QUICK HITS with Mark McClay

QUICK HITS with Mark McClay

In this Quick Hits, Mark McClay talks classics, dinner, and vacation.

What’s your favorite class to teach?

Any Greek or Latin language class. Particularly Greek since that’s my specialty, particularly Homeric Greek.

Why did you become a classics professor?

It’s just an enthusiasm I developed when I was in undergrad, and I just kind of kept pursuing it.  I’m fortunate that it worked out. It’s a great deal to be paid to read books and talk about books with your students.

Why should students take a class in the classics department?

I think all of our classes are different ways to open yourself up to so many things other than just what the course is about. If you study Latin or Greek, you’ll find the world of Greek or Roman antiquity, which is interesting in itself. But you’ll also find all sorts of connections with words you’re familiar with in the English language, with concepts we’ve inherited. They’re both valuable subject matters in themselves and they’re also tangled up with all sorts of other things that are very close to the big questions you can deal with on a day-to-day basis.

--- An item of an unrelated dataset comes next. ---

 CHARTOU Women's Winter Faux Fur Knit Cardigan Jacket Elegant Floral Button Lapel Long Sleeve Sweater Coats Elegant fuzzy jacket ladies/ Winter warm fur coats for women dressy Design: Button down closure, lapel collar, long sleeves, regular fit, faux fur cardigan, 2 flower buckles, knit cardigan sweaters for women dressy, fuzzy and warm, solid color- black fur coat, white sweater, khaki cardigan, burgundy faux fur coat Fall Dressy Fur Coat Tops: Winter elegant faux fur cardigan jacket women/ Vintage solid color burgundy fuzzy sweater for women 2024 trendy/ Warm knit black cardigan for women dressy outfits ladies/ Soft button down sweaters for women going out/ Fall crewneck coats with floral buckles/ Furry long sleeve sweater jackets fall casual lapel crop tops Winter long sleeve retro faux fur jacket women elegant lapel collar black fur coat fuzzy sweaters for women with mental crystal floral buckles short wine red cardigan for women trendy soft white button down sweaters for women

What’s your take on audiobooks?

It depends. There are some audiobooks that I really like. There are some books that work well for audiobooks and others that don’t. I actually like audio books especially for plays and some poetry because it brings out the performance element that’s appropriate to the text. But other types of books I find hard to follow in audio books. Just a couple of years ago, I was listening to an audiobook, “Paradise Lost,” which is fantastic, but I found other plays like Shakespeare which don’t work as well in an audiobook. Its reasoning is too intricate and it’s difficult to follow. 

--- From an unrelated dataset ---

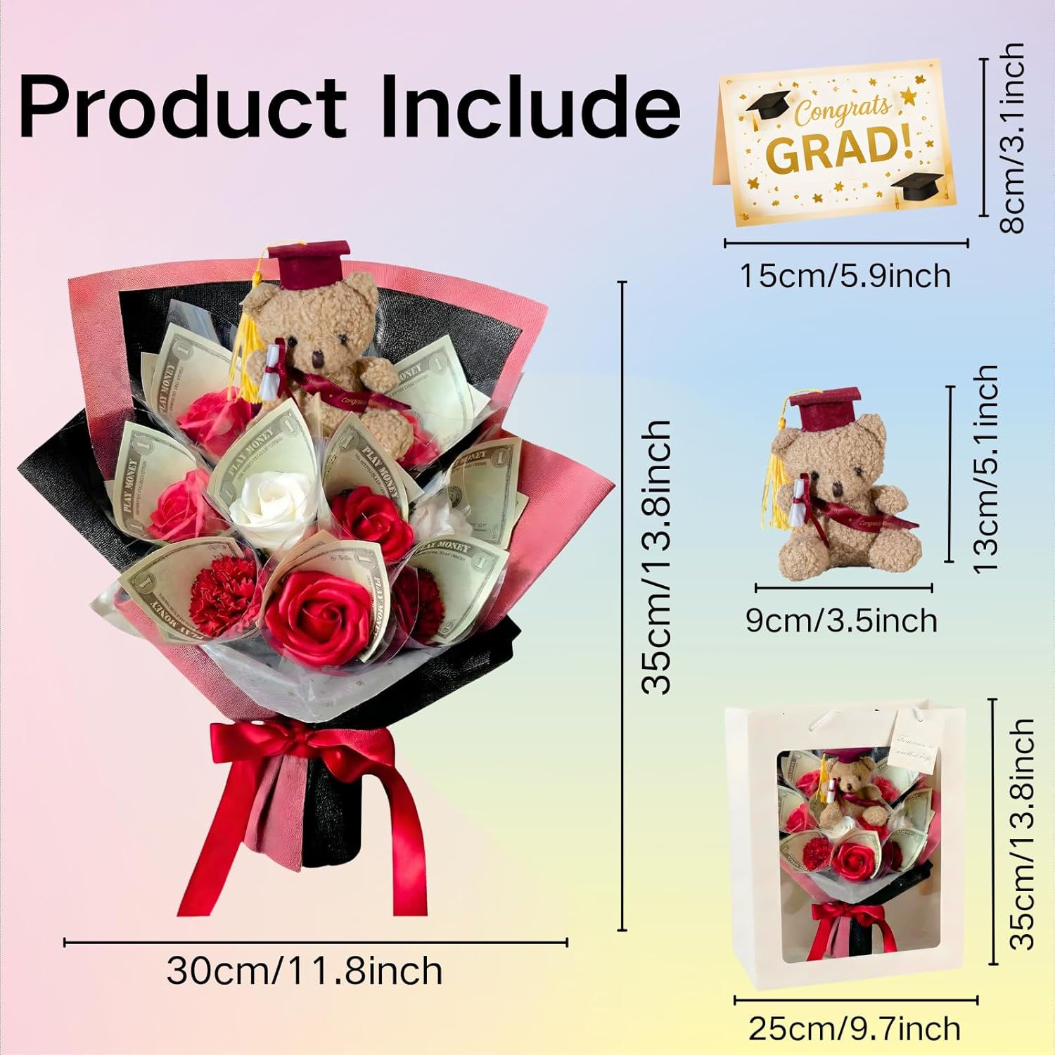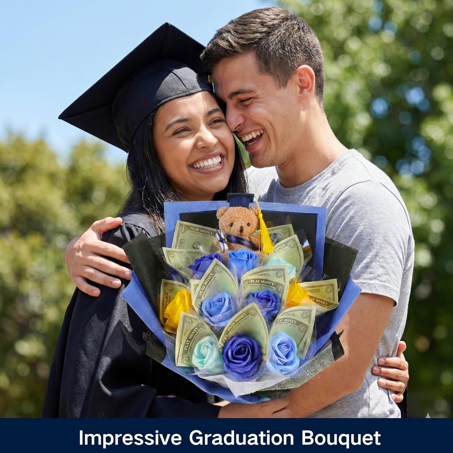 Celebrate an important milestone with this Money Bouquet Kit for Graduation 2026, a creative and elegant way to give cash as a meaningful gift. Designed for graduates of middle school, high school, or college, this bouquet transforms a traditional money gift into a memorable keepsake. Featuring realistic blue and white artificial roses paired with a charming graduation Accent, this money flower bouquet is maintenance-free and long-lasting. It stays beautiful without watering or fading, making it perfect for display long after the celebration. The bouquet is thoughtfully designed with transparent slots that allow you to easily roll and insert bills (bills not included). This DIY design lets you personalize the gift to match your budget and style, while keeping the presentation neat and secure. Each set comes complete with a premium transparent gift box with handles and a greeting card, making it ready to give right out of the box. No extra wrapping or preparation is needed—ideal for both planned and last-minute graduation celebrations. Perfect as a graduation gift for loved ones, this money bouquet kit is also suitable for birthdays, anniversaries, and congratulatory occasions. A stylish alternative to envelopes or gift cards, it offers a thoughtful way to celebrate achievements in 2026.

If you could have dinner with any three people, living or dead, who would they be? 

Assuming they would agree to have dinner with me, I think Socrates. I don’t think there would be any problem keeping the conversation going if he was at the table. I would say Nietzsche, but I think he would fight with Socrates too much. But I’ll go with that. And maybe Roger Scruton. He died a few years ago. I never got to meet him, but he’s a great philosopher. So I think he would probably be a good peacemaker.

What’s your dream vacation?

It’s always good when you can spend a length of time in a place and kind of get to know it. I’m a classicist, so I like to see old stuff. I’d love to visit the antiquities in Egypt. I’ve never been to Egypt. Really anytime I have an excuse to travel back to Greece or Italy, I’ll take it.